If the statute of garnishments, and that providing for the conduct of suits against the State, were to be construed in a condition of isolation, without any regard to the body of the law, and rvith reference alone to their apparent provisions, there would be much plausibility in the position of the plaintiffs in error; but as they are but an inconsiderate part of an harmonious body of laws, all looking to one great paramount object, this mode of interpretation cannot for a moment be tolerated. Nor are we without the most persuasive authority for the ground we occupy.. The unbroken current of decisions in England, and in the State and federal courts of the United States, as to the doctrines of the law analogous, and,for the most part, identical in principle, and *558even so to the very letter in many instances, have uniformly excluded money, and other effects, in the hands of executors and administrators, and in the hands of all officers of the law, from the operation of such enactments, although in their general terms these would seem to have been included. (Conant vs. Bicknell, 1 Chip. 50. Duboise vs. Duboise, 6 Cowen, 494. Chealy vs. Brewer, 7 Mass. 259. Barnes vs. Treat, ib. 271. Brooks vs. Cook, 8 Mass. 246. Pickquett vs. Sloan, 4 Mason, 443. 1 Root, 451. 4 Day, 87, 96. 1 Conn. 385. 4 Greenl. 533.) And to the same purport has this court gone in several adjudications, as cases have arisen. 5 Ark. 55. Ib. 188. Ib. 135. Ib. 700. 1 Eng. 212. 2 Eng. 103.
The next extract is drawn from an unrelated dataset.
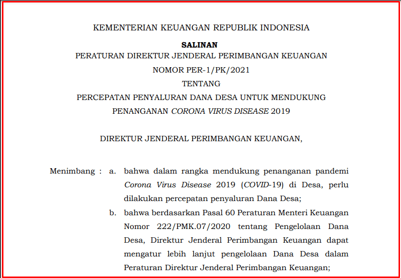 Terbaru Peraturan Direktur Jenderal Perimbangan Keuangan Nomor Per 1 Pk 2021 Tentang Percepatan Penyaluran Dana Desa Untuk Mendukung Penanganan Corona Virus Disease 2019 Media Brita Rakyat

In the supreme court of the United States, at the January term, 1846, in a case where a purser of the navy had been garnisheed, and seamen’s wages, for debts due by them, had been attempted to be attached in his hands for their satisfaction, Mr. Justice McLean, in delivering the opinion of that court, says: “ The important question is, whether the money in the hands of the purser, though due to the seamen for wages, was attachable. A purser, it would seem, cannot, in this respect, be distinguished from any other disbursing agent of the government. If the creditors of these seamen may, by process of attachment, divert the public money from its legitimate and appropriate object, the same thing may be done as regards the pay of our officers and men of the army, and of the navy, and also in every other caso where the public funds may be placed in the hands of an agent for disbursement. To state such a principle is to refute it; no government can sanction it. At all times it would be found embarrassing, and, under some circumstances, it might be fatal to the public service. The funds of the government are specifically appropriated to certain national objects, and if such appropriation may be diverted and defeated by State process, or otherwise, the functions of the government may be suspended. So long as money remains in the hands of a disbursing officer, it is as much the money of the United States as if it had not been drawn from the treasury. Until paid over by the agent of the government to the person entitled to it, the *559fund cannot, in any legal sense, be considered a part of his effects. The purser is not the debtor of the seamen. It is not doubted that cases may have arisen in which the government, as a matter of policy or accommodation, may have aided a creditor of one who received money for public services; but this cannot have been under any supposed legal liability, asno such liability attaches to the government or to its disbursing officers.” And accordingly the cause was remanded to the State of Virginia, where it originated, with instructions for its dismissal.

This case, although different in its facts from that at bar, and the remarks of Judge McLean, which we have quoted, so firmly present the general considerations which prevent the establishment of the doctrine contended for by the plaintiffs in error, that we deem it unnecessary to examine and array the other considerations of minor import appropriately suggested by the Attorney General, some of which have been in principle sustained by the decisions of the State courts. 1 Ala. Rep. 398. Ib. 754.

Therefore, finding no error in the proceedings of the court below, its judgment must be affirmed with costs.